[Start of section]

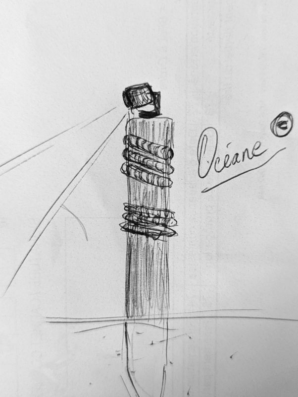 Au restaurant de l’éco resort en question, lors de ma visite, sur un bout de papier je griffonne mes idées et une esquisse de borne voit le jour.
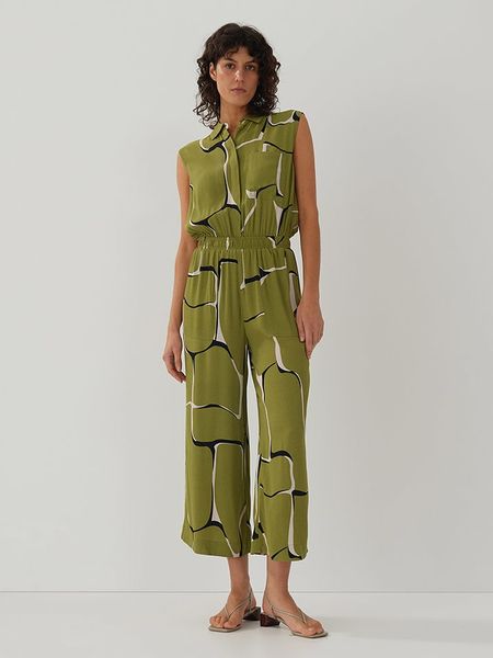 – czysta wiskoza- ramiączka: szerokie- kołnierz: kent- zapięcie: skrócona listwa guzikowa- kieszenie: na piersi- talia: elastyczna- kieszenie: wpuszczane- zakończenia nogawek: dzwony- wzór: na całości
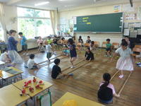 今日(7月17日)は、またまた1年生の話題です。1年生は、音楽の学習でバンブーダンスに取り組んでいました。
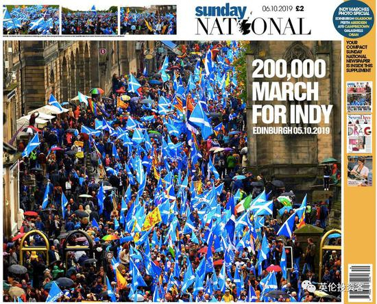 2019年10月5日,超过20万支持苏格兰独立的民众走上爱丁堡街头,举行示威游行。
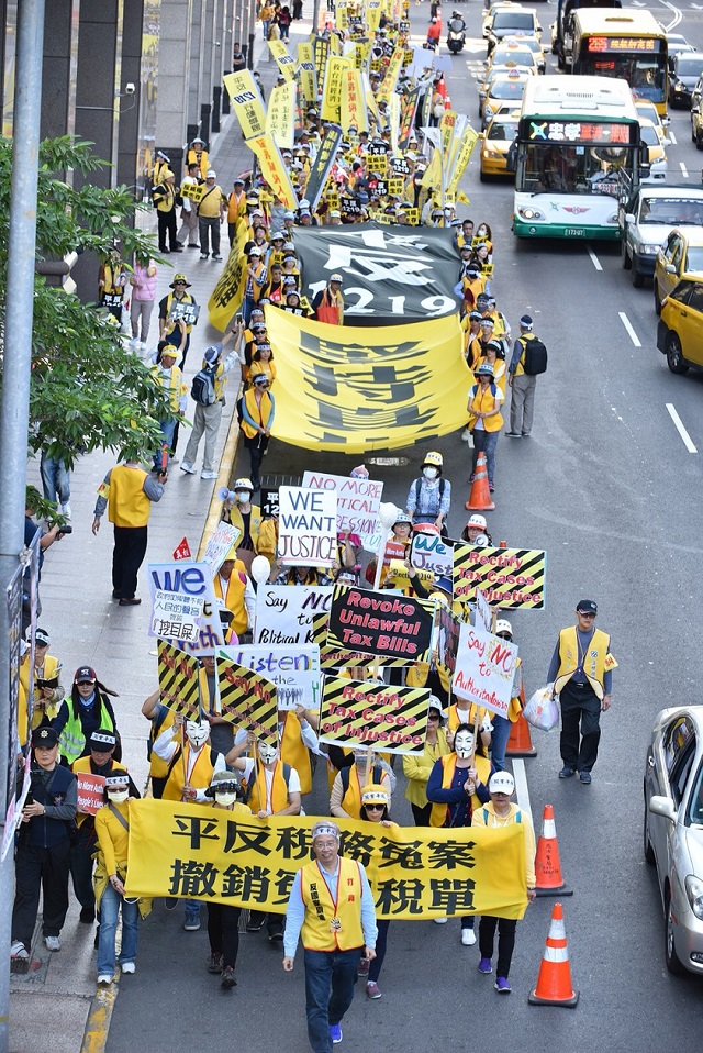 立委黃國昌也來到現場,他表示,去年立法院推行的納保法不夠好,然而在納保法施行之前,遇到租稅案子,國稅局無理,透過爭訟程序,人民勝訴比率非常低,一百個案件,勝訴案件只有七件。今年納保法施行第一年,光這一年,法官援引納保法條文,人民勝訴從7%升到14%,他指出這是倡議法稅改革民眾努力的成績。為什麼違法課稅案件,在行政法院一而再再而三勝訴,國稅局卻繼續開單,納稅者權利要到何年何日才有保障?今年夏天最高行政法院的一個判決,讓萬年稅單看到曙光,要繼續監督高等行政法院法官有沒有按照最高行政法院的判決意旨,依據納保法和人權保障的精神,發揮法官的道德勇氣,讓案件畫上句點。他也提到自己在立法院沒有辦法容忍看到貪官汙吏、看到幾億到幾百億被貪汙,政府卻沒有追究的行動,實踐公義的道路走起來辛苦,大家共同努力。
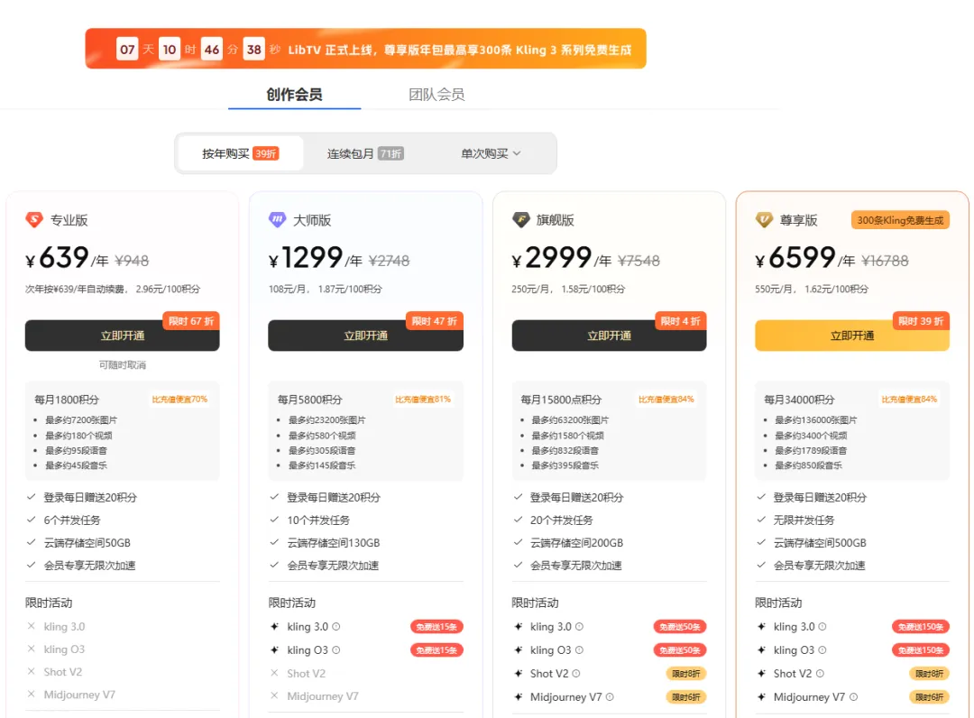 方法2,39 折的年卡你可以拥有。目前有送150条可灵O3+150条可灵3.0,共300条免费视频。
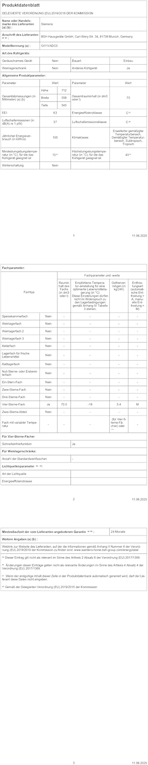 Siemens GI11VADC0 iQ500 Einbau-Gefrierschrank / A+++ / 95 kWh/Jahr / 70 l / lowFrost / freshSense / softClosing Tür EEK C 72x56 cm | قیمت یورویی 685.55€
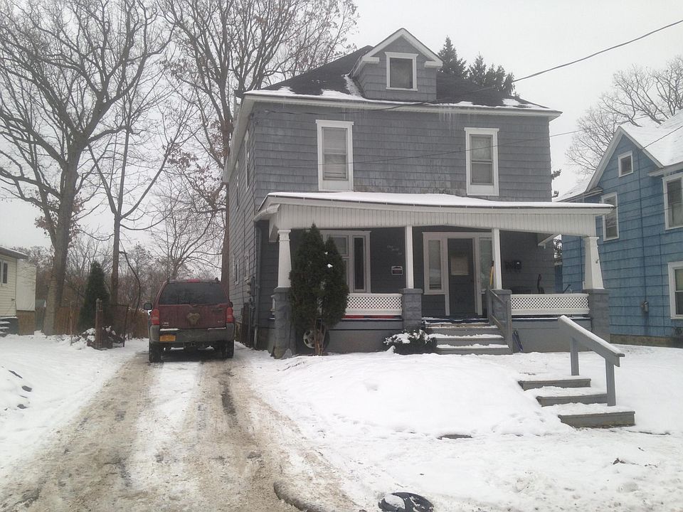 This is an awesome 2 Bedroom 1st floor apartment with new paint throughout and closets in all rooms. Off street parking. This is a very nice unit with Living Room, Large kitchen with Appliances and lots of room for a kitchen table. Bathroom is redone and has a tub with shower. There are washer/dryer hookups in the basement. There is also a huge fenced back yard for your BBQ, Large covered rear deck and nice front porch for those hot summer nights. Sorry....NO PETS in this unit. Month to month rental agreement. Application available when you see the apartment. Your past 5 years worth of rental history AND landlord contact information is required. Tenant pays all utilities; electric, gas, water,sewer and trash.
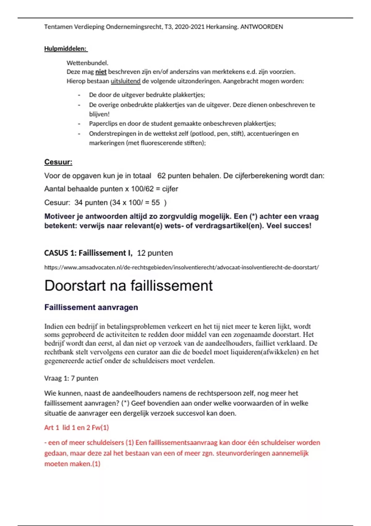 Tentamen Verdieping Ondernemingsrecht, T3, 2020-2021 Herkansing. ANTWOORDEN
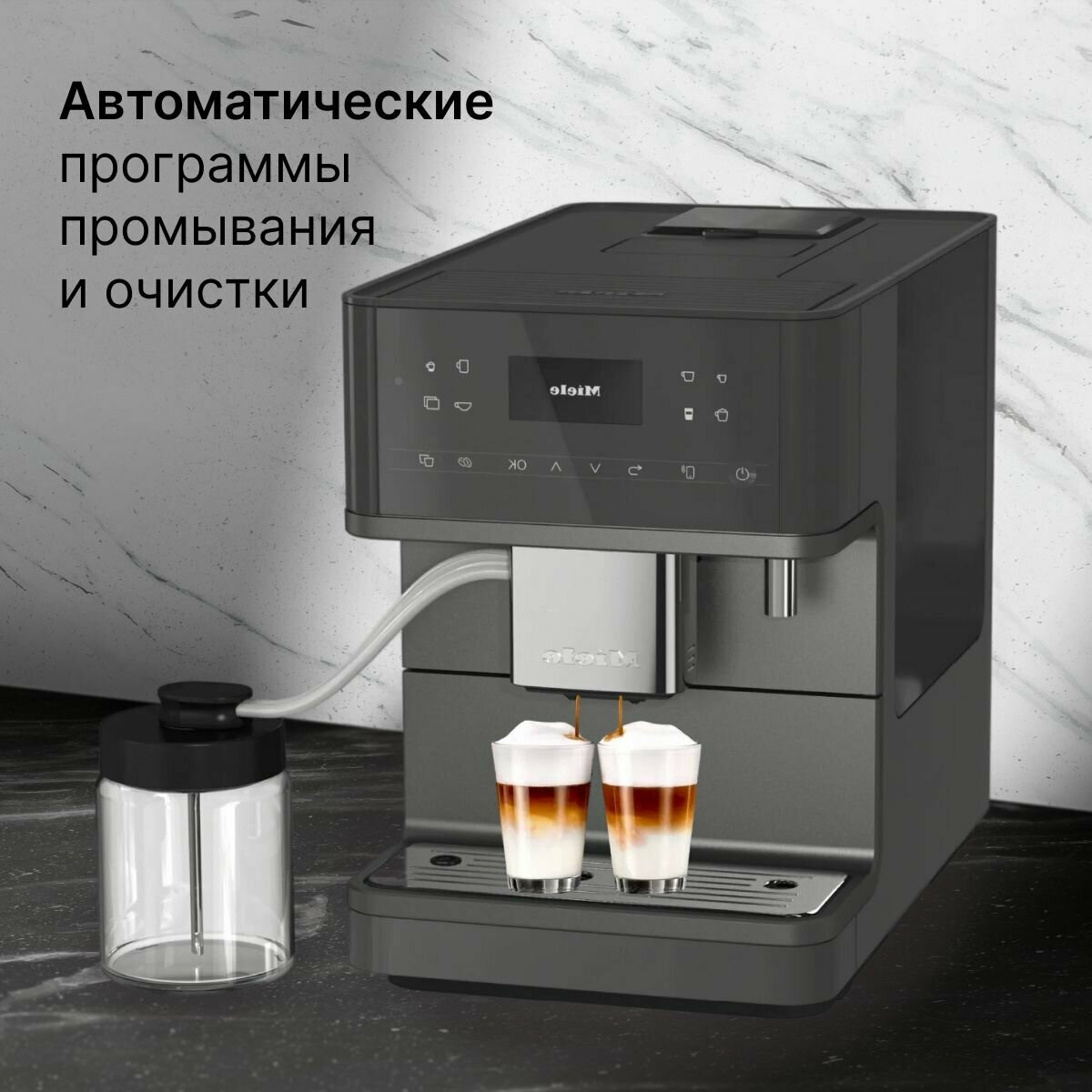 Отдельностоящая автоматическая кофемашина Miele Milk Perfection CM 6560, серый, зерновая, для Эспрессо, Ристретто, Капучино, Латте
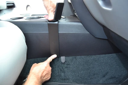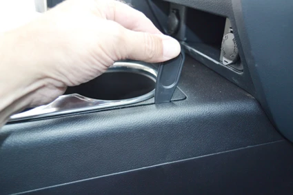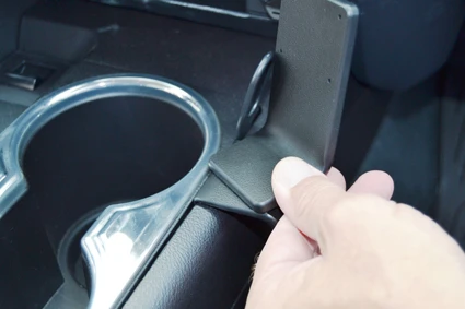 Use the enclosed alcohol pad to clean the area where the ProClip is to be installed. Press the thin end of the enclosed gap opener into the gap between the frame surrounding the cup holder and the console. Peel off the adhesive tape cover on the ProClip.
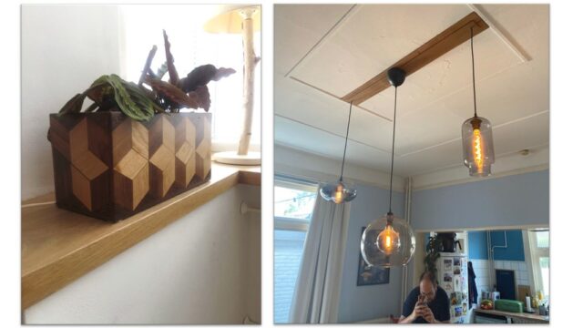 Ruud kan eindeloos variëren met het ontwerp en zo verschillende dimensies aan diepte creëren. Hij raadt wel aan om met meerdere houtsoorten te werken, of hetzelfde houtsoort te gebruiken maar dan af te wisselen in stukken met een andere houtnerf. “Het topstuk van al mijn creaties is een plantenbak, waarbij ik ook weer de vorm van de onderzetters heb gebruikt. Als je vanuit een bepaalde hoek ernaar kijkt lijkt het alsof je een dimensie mist en je voor de gek wordt gehouden, maar wissel je van perspectief lijkt het allemaal weer anders. Kun je uren naar kijken.”
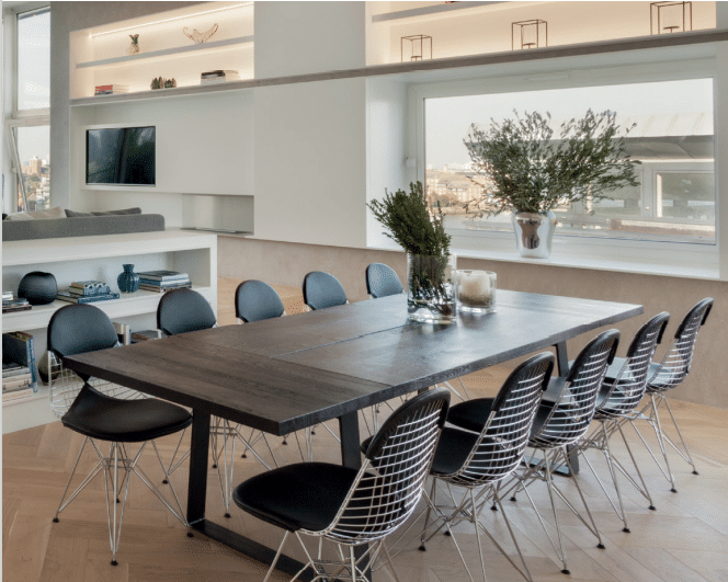 L’espace généreux de l’étage supérieur se caractérise par de subtils changements de niveau du sol, créant un paysage intérieur qui définit des zones pour se reposer, manger, cuisiner et travailler, sans avoir besoin de murs de séparation. Ce nouvel aménagement de l’espace à vivre offre désormais des vues panoramiques sur la rivière, même assis dans le canapé ou autour de la table à manger. Il a également permis un accès de plain-pied à la terrasse. Ce canapé surmesure éclairé par le dessous mais aussi la cuisine sont les éléments clés de la décoration imaginée par l’architecte d’intérieur Elizabeth Bowman, qui a ainsi réussi à définir le paysage intérieur de l’appartement, soulignant l’échelle spectaculaire et la cohérence visuelle de l’espace. « Surplombant la Tamise, l’appartement a été reconfiguré par les architectes pour offrir une vaste surface habitable sur deux étages : les chambres au niveau inférieur et l’espace de vie au-dessus. La plupart des meubles ont ainsi été faits sur mesure, notamment le canapé long de plus de 5 mètres », indique Elizabeth Bowman. Le client souhaitait que le mobilier reflète la conception architecturale, mais qu’il apporte une certaine douceur. Ainsi, le design moderne du mobilier s’associe aux tonalités choisies : gris pour le canapé et le pouf bleu pétrole pour les deux fauteuils et les coussins, en harmonie avec les murs blancs et le parquet en chevron d’une tonalité claire. L’aménagement intérieur s’articule également autour de l’îlot blanc de la cuisine, en Hi-Macs®, et de son immense hotte suspendue en acier inoxydable. Long de presque 5 mètres, cet imposant îlot sublime l’absolue cohérence de l’espace. Il semble être fait d’une seule pièce, effet rendu possible par l’assemblage sans joints apparents, caractéristique du Solid Surface. Le double évier également en Hi-Macs® est intégré au plan de travail de manière totalement homogène, garantissant un environnement sans bactéries ni saletés dans la durée, un prérequis indispensable à chaque zone de préparation culinaire. Le plan de travail se prolonge sur les côtés pour en renforcer l’impact visuel. Enfin, la spectaculaire table en bois sombre de 3 mètres de long, également fabriquée sur-mesure, peut accueillir 12 convives.
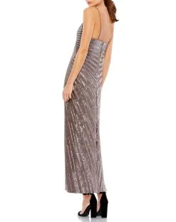 Ieena For Mac Duggal Pleated Metallic V-Neck Maxi Dress
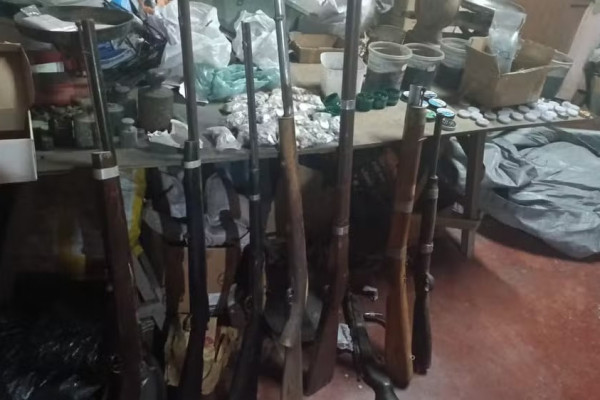 No local, foram apreendidos uma arma de fogo industrial, nove armas de fabricação artesanal, cerca de 550 quilos de pólvora, além de espoletas e diversos materiais utilizados na fabricação de munições de diferentes calibres, conforme registrado no boletim de ocorrência. No local também havia dois homens trabalhando com máquinas para perfurar rocha.
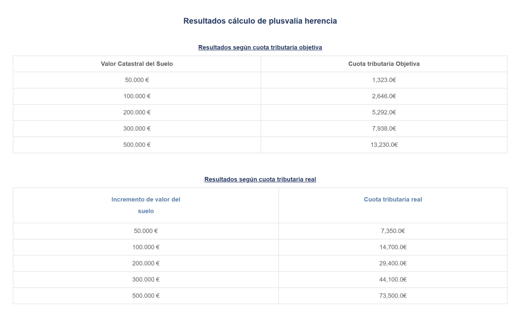 - Ejemplo de cálculo de plusvalía de herencia a través del método objetivo:
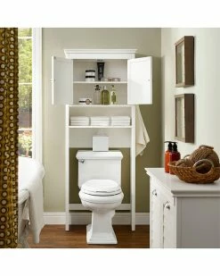 - When it comes to storage, no space in the home creates as much challenge as the bathroom. Designed specifically to fit in the rarely used space around the toilet tank, the Lydia Space Saver offers a number of clever storage features. Keep toiletries and grooming items out of sight in the large cabinet with an adjustable shelf. Below the cabinet is a spacious open shelf ideal for keeping items like hand towels and washcloths close at hand. Handy utility hooks on each side are perfect for hanging a bath towel or robe. Sitting flush against the wall, the Lydia Space Saver is everything you need for over-the-toilet storage.
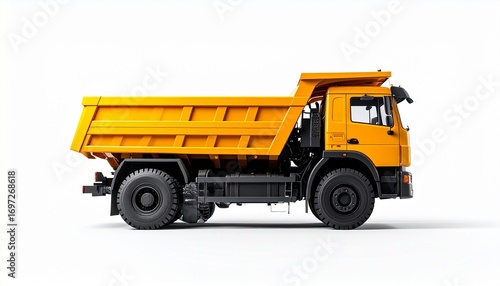 truck, dump, yellow, vehicle, transport, construction, heavy, machinery, equipment, industry, industrial, dump truck, cargo, delivery, logistic, mining, quarry, building, site, work, engine, wheel, tire, cab, body, metal, side, profile, isolated, white, background, transportation, haulage, material, excavation, engineering, automotive, commercial, heavy duty, offroad, powerful, accurateness, robust, hauling
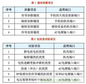 雖然手機(jī)的制式不同,但是電磁兼容要測試的項(xiàng)目相同,根據(jù)不同的要求來選擇需要測試的項(xiàng)目,電磁兼容測試項(xiàng)目見表1和表2。

[End of section]

TASK ITEM :: Exactly as they appear, transcribe the lines from the top of the material above through the line with "Siemens GI11VADC0 iQ500". Omit any picture.

TASK OUTPUT ::
 Au restaurant de l’éco resort en question, lors de ma visite, sur un bout de papier je griffonne mes idées et une esquisse de borne voit le jour.
 – czysta wiskoza- ramiączka: szerokie- kołnierz: kent- zapięcie: skrócona listwa guzikowa- kieszenie: na piersi- talia: elastyczna- kieszenie: wpuszczane- zakończenia nogawek: dzwony- wzór: na całości
 今日(7月17日)は、またまた1年生の話題です。1年生は、音楽の学習でバンブーダンスに取り組んでいました。
 2019年10月5日,超过20万支持苏格兰独立的民众走上爱丁堡街头,举行示威游行。
 立委黃國昌也來到現場,他表示,去年立法院推行的納保法不夠好,然而在納保法施行之前,遇到租稅案子,國稅局無理,透過爭訟程序,人民勝訴比率非常低,一百個案件,勝訴案件只有七件。今年納保法施行第一年,光這一年,法官援引納保法條文,人民勝訴從7%升到14%,他指出這是倡議法稅改革民眾努力的成績。為什麼違法課稅案件,在行政法院一而再再而三勝訴,國稅局卻繼續開單,納稅者權利要到何年何日才有保障?今年夏天最高行政法院的一個判決,讓萬年稅單看到曙光,要繼續監督高等行政法院法官有沒有按照最高行政法院的判決意旨,依據納保法和人權保障的精神,發揮法官的道德勇氣,讓案件畫上句點。他也提到自己在立法院沒有辦法容忍看到貪官汙吏、看到幾億到幾百億被貪汙,政府卻沒有追究的行動,實踐公義的道路走起來辛苦,大家共同努力。
 方法2,39 折的年卡你可以拥有。目前有送150条可灵O3+150条可灵3.0,共300条免费视频。
 Siemens GI11VADC0 iQ500 Einbau-Gefrierschrank / A+++ / 95 kWh/Jahr / 70 l / lowFrost / freshSense / softClosing Tür EEK C 72x56 cm | قیمت یورویی 685.55€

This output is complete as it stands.